**GIVEN INFORMATION:**
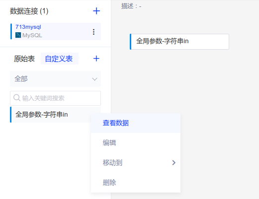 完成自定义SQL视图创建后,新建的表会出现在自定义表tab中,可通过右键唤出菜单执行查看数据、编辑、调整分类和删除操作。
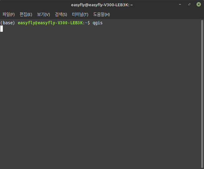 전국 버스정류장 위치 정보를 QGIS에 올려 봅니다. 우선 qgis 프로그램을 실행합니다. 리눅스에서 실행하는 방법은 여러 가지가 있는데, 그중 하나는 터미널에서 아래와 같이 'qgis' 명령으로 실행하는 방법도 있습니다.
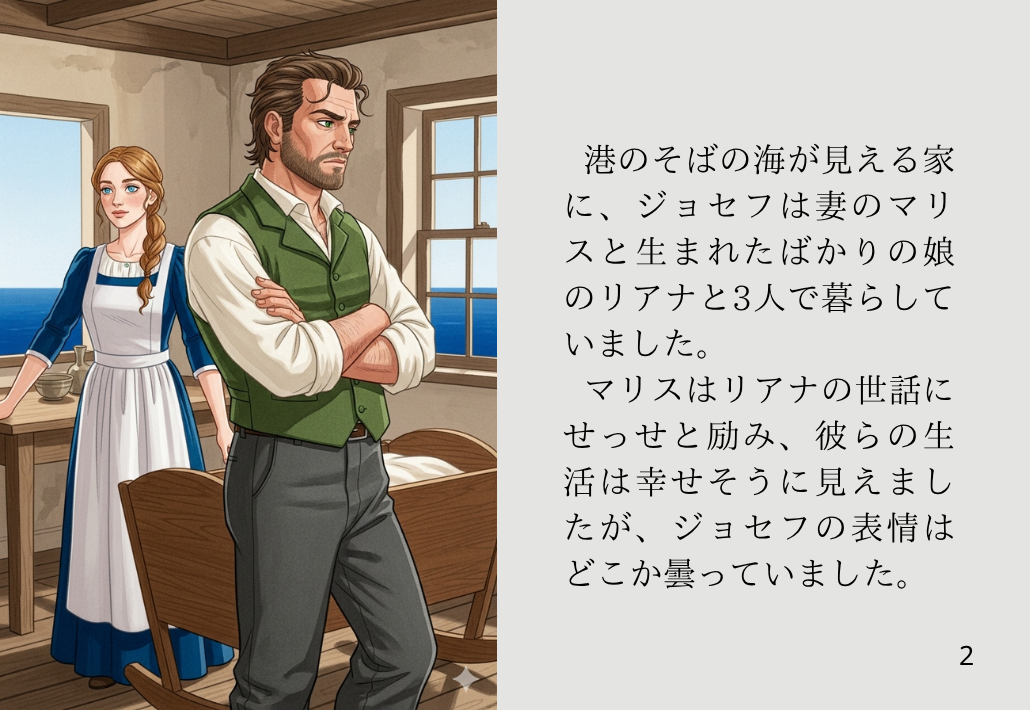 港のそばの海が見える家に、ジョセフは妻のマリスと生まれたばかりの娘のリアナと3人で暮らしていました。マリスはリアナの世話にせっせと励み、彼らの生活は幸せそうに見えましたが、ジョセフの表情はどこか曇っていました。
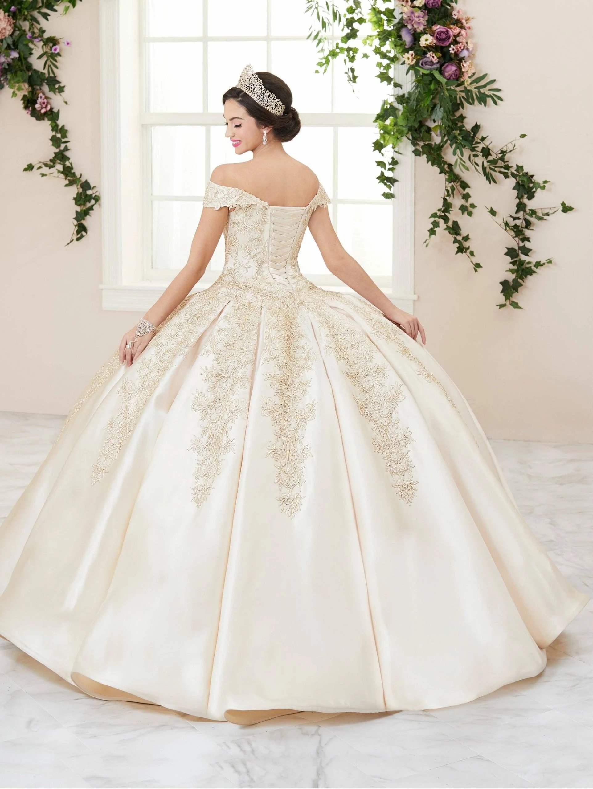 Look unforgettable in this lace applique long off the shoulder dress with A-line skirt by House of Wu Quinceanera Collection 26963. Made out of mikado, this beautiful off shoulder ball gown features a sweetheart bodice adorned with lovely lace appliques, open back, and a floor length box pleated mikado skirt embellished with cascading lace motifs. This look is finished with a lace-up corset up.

---

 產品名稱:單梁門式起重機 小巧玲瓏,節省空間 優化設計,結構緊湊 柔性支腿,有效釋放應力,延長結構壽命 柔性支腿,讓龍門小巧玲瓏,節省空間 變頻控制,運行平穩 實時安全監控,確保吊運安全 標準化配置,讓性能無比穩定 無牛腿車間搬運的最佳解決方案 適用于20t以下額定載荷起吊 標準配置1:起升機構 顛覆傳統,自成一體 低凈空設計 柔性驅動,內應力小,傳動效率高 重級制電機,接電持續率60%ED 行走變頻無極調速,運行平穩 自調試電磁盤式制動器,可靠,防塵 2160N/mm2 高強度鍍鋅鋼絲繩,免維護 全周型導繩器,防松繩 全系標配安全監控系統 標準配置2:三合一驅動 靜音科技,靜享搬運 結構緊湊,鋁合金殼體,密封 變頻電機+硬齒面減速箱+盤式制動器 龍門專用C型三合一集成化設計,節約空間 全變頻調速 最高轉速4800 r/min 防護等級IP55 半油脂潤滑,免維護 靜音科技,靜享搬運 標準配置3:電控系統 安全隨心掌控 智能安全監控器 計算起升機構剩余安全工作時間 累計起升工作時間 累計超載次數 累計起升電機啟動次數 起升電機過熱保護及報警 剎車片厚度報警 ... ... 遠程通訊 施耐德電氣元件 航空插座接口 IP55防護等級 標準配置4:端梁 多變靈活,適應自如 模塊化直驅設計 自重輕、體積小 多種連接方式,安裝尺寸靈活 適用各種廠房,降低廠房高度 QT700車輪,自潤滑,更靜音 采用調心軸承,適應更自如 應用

**YOUR TASK:** From the listing above, please give again the lines that begin with the line holding "전국 버스정류장 위치" and go on through the line holding "港のそばの海が見える家に、ジ", exactly, both ends included, minus any picture.

**RESULT:**
 전국 버스정류장 위치 정보를 QGIS에 올려 봅니다. 우선 qgis 프로그램을 실행합니다. 리눅스에서 실행하는 방법은 여러 가지가 있는데, 그중 하나는 터미널에서 아래와 같이 'qgis' 명령으로 실행하는 방법도 있습니다.
 港のそばの海が見える家に、ジョセフは妻のマリスと生まれたばかりの娘のリアナと3人で暮らしていました。マリスはリアナの世話にせっせと励み、彼らの生活は幸せそうに見えましたが、ジョセフの表情はどこか曇っていました。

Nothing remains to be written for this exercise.